* [Problem requirements]
Beginning with the line containing "據武漢晨報消息 (記者滕翔昊" and ending with the line containing "(¬1) هنا انتهت", write out each line of the records below exactly; pictures and lines outside that range are left out.

* [Data records]
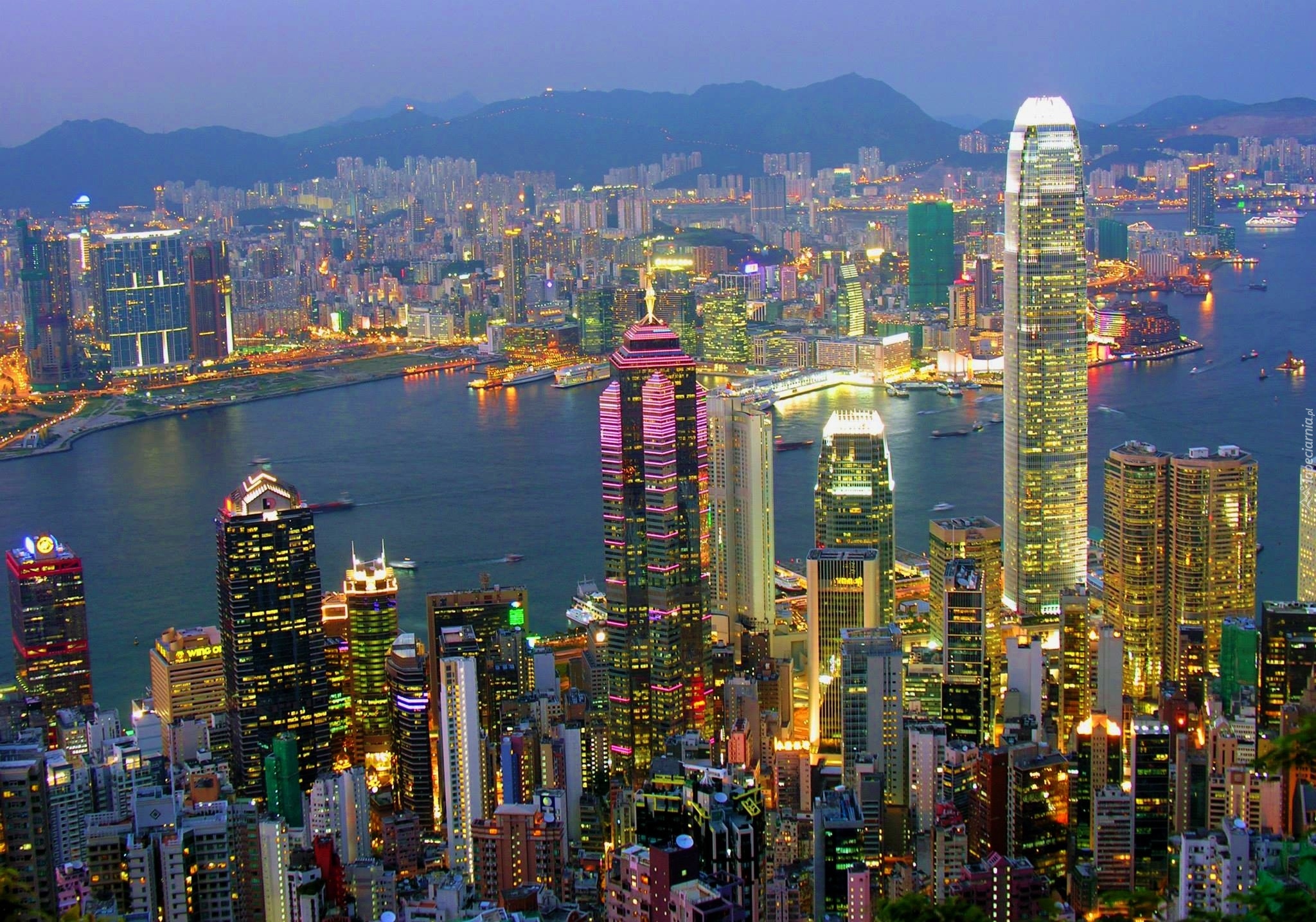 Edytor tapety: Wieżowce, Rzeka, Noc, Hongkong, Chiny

--

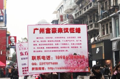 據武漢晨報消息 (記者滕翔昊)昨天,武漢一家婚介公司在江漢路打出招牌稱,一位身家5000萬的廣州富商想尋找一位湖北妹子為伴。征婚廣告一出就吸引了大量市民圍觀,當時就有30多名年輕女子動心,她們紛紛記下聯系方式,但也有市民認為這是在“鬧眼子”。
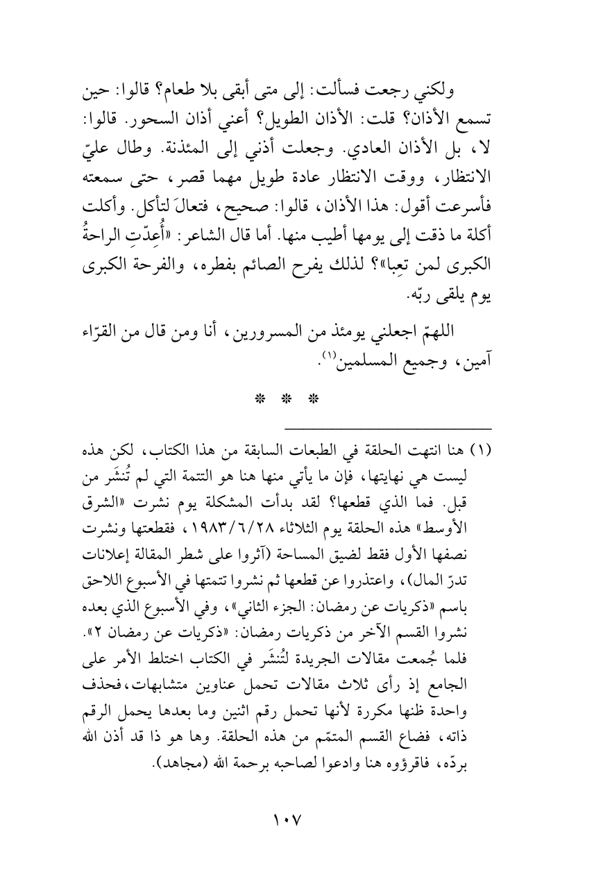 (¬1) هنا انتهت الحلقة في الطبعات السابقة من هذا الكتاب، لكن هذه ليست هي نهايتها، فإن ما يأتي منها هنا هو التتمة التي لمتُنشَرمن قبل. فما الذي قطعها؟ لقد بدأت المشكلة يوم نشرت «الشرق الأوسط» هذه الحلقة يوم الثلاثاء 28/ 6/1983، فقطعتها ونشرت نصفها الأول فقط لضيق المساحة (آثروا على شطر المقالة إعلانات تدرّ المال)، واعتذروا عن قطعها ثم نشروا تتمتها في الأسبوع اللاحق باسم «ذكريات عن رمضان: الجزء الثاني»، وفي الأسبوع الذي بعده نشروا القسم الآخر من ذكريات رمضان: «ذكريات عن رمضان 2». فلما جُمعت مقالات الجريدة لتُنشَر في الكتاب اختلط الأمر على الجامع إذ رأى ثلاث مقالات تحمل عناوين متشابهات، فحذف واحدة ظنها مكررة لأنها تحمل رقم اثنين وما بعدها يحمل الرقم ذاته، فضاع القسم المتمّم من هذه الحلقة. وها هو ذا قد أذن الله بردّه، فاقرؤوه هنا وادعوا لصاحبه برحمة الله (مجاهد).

* [Response area]
 據武漢晨報消息 (記者滕翔昊)昨天,武漢一家婚介公司在江漢路打出招牌稱,一位身家5000萬的廣州富商想尋找一位湖北妹子為伴。征婚廣告一出就吸引了大量市民圍觀,當時就有30多名年輕女子動心,她們紛紛記下聯系方式,但也有市民認為這是在“鬧眼子”。
 (¬1) هنا انتهت الحلقة في الطبعات السابقة من هذا الكتاب، لكن هذه ليست هي نهايتها، فإن ما يأتي منها هنا هو التتمة التي لمتُنشَرمن قبل. فما الذي قطعها؟ لقد بدأت المشكلة يوم نشرت «الشرق الأوسط» هذه الحلقة يوم الثلاثاء 28/ 6/1983، فقطعتها ونشرت نصفها الأول فقط لضيق المساحة (آثروا على شطر المقالة إعلانات تدرّ المال)، واعتذروا عن قطعها ثم نشروا تتمتها في الأسبوع اللاحق باسم «ذكريات عن رمضان: الجزء الثاني»، وفي الأسبوع الذي بعده نشروا القسم الآخر من ذكريات رمضان: «ذكريات عن رمضان 2». فلما جُمعت مقالات الجريدة لتُنشَر في الكتاب اختلط الأمر على الجامع إذ رأى ثلاث مقالات تحمل عناوين متشابهات، فحذف واحدة ظنها مكررة لأنها تحمل رقم اثنين وما بعدها يحمل الرقم ذاته، فضاع القسم المتمّم من هذه الحلقة. وها هو ذا قد أذن الله بردّه، فاقرؤوه هنا وادعوا لصاحبه برحمة الله (مجاهد).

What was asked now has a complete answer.